* [PROBLEM]: The response must be the exact lines from the line holding "三択のクイズを全校児童で楽しく解きました。" through the end of the entries, with no pictures and nothing else.

* [PROVIDED RECORDS]:
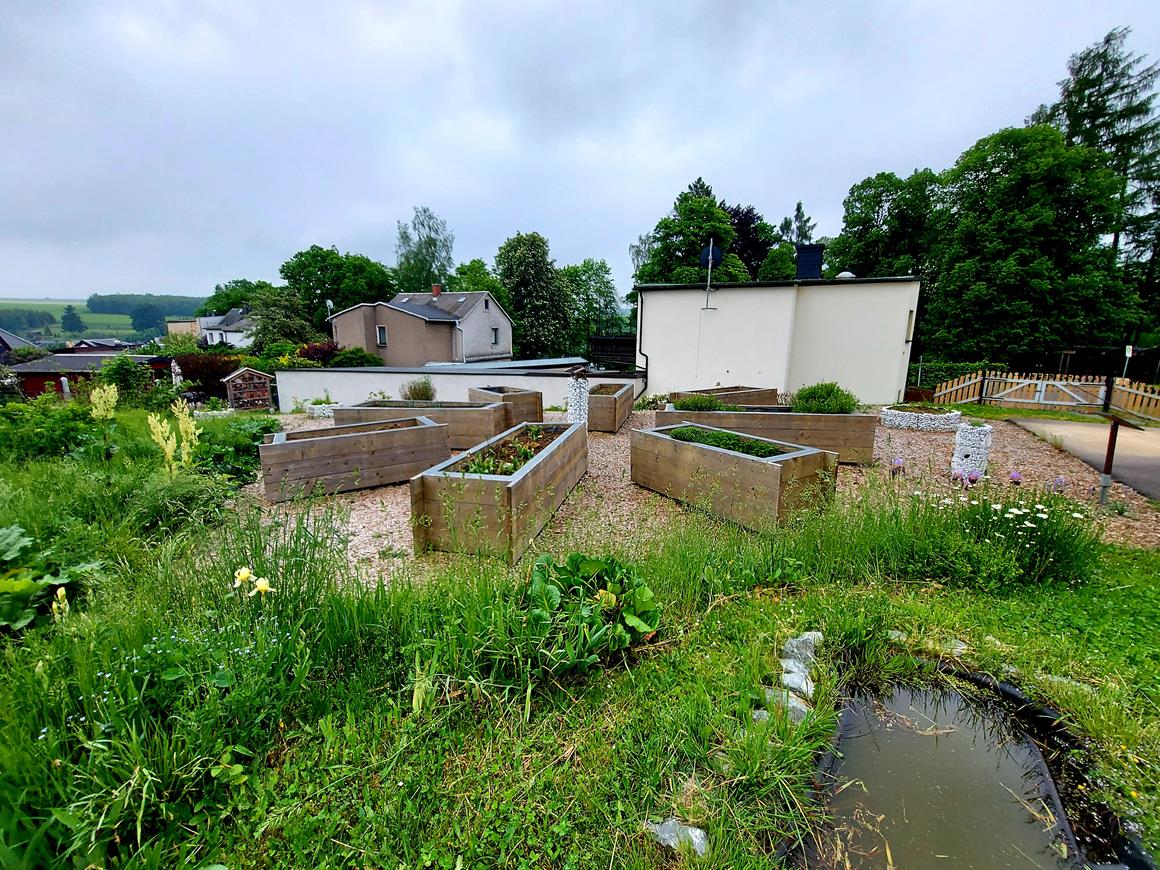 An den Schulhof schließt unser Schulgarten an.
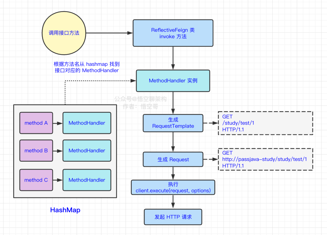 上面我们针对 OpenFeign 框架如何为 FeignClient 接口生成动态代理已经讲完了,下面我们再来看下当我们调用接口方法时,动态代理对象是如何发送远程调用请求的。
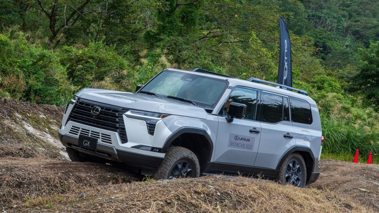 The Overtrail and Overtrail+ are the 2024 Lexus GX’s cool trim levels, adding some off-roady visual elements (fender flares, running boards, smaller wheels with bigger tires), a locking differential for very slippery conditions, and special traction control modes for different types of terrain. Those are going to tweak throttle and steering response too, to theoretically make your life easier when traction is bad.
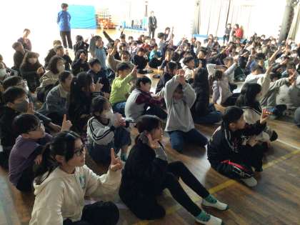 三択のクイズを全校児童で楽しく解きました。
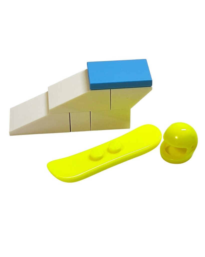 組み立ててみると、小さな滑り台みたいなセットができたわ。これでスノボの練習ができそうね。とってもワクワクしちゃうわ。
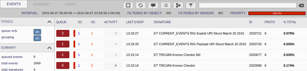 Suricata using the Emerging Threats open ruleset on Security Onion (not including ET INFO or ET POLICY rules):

* [YOUR SOLUTION]:
 三択のクイズを全校児童で楽しく解きました。
 組み立ててみると、小さな滑り台みたいなセットができたわ。これでスノボの練習ができそうね。とってもワクワクしちゃうわ。
 Suricata using the Emerging Threats open ruleset on Security Onion (not including ET INFO or ET POLICY rules):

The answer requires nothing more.